Prompt:
Please reproduce the lines of the records below from the one holding "许钧《自己》吉他谱 - C调弹唱六线谱" through the one holding "盒内的中粮月饼以及罗小黑毛绒挂件颜值超高,精致可爱,看得小花也星星眼啦~", inclusive, skipping all pictures.

Data extracts:
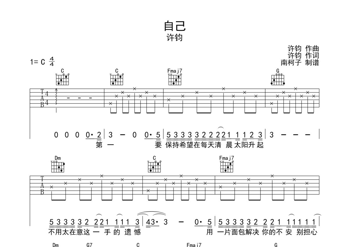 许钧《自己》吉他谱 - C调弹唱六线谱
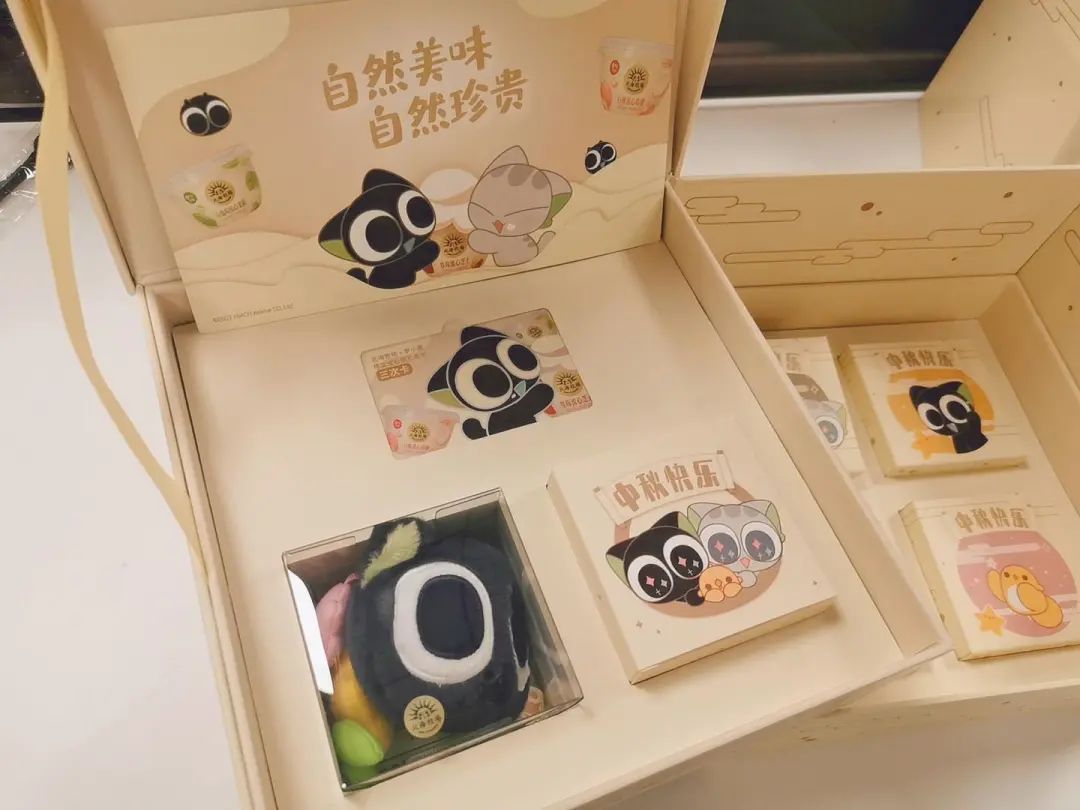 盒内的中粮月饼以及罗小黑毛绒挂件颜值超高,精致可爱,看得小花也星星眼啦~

==

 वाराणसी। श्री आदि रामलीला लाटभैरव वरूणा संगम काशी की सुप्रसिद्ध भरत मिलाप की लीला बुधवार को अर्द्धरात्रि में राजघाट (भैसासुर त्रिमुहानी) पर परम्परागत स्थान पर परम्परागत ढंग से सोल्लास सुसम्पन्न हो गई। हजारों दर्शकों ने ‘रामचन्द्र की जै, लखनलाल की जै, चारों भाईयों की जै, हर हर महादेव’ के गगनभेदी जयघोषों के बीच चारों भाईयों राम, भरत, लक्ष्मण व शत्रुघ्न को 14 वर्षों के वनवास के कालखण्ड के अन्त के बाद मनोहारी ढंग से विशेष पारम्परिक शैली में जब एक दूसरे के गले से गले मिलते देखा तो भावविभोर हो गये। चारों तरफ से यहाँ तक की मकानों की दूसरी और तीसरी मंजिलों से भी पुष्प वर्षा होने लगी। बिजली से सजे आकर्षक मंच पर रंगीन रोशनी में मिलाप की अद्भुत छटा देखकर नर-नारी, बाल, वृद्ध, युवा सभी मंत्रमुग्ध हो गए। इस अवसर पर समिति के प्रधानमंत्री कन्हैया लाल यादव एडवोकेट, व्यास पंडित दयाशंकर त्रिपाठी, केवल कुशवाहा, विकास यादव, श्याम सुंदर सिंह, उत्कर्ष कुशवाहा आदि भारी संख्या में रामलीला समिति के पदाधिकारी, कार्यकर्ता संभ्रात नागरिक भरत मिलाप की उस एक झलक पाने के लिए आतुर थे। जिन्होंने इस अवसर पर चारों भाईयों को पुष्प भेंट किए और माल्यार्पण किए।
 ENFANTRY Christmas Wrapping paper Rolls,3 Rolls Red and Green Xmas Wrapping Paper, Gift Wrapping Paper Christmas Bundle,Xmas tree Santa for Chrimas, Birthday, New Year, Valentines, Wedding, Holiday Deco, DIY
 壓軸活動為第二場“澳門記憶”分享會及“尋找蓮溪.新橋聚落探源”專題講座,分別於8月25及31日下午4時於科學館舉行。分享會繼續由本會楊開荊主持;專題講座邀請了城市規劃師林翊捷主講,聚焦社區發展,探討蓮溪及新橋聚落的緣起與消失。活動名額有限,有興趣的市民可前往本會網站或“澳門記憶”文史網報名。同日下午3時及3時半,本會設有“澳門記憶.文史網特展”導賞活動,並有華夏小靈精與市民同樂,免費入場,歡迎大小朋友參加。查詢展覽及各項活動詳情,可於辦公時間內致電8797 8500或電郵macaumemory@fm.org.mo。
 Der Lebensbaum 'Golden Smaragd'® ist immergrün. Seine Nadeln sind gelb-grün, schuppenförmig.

Task answer:
 许钧《自己》吉他谱 - C调弹唱六线谱
 盒内的中粮月饼以及罗小黑毛绒挂件颜值超高,精致可爱,看得小花也星星眼啦~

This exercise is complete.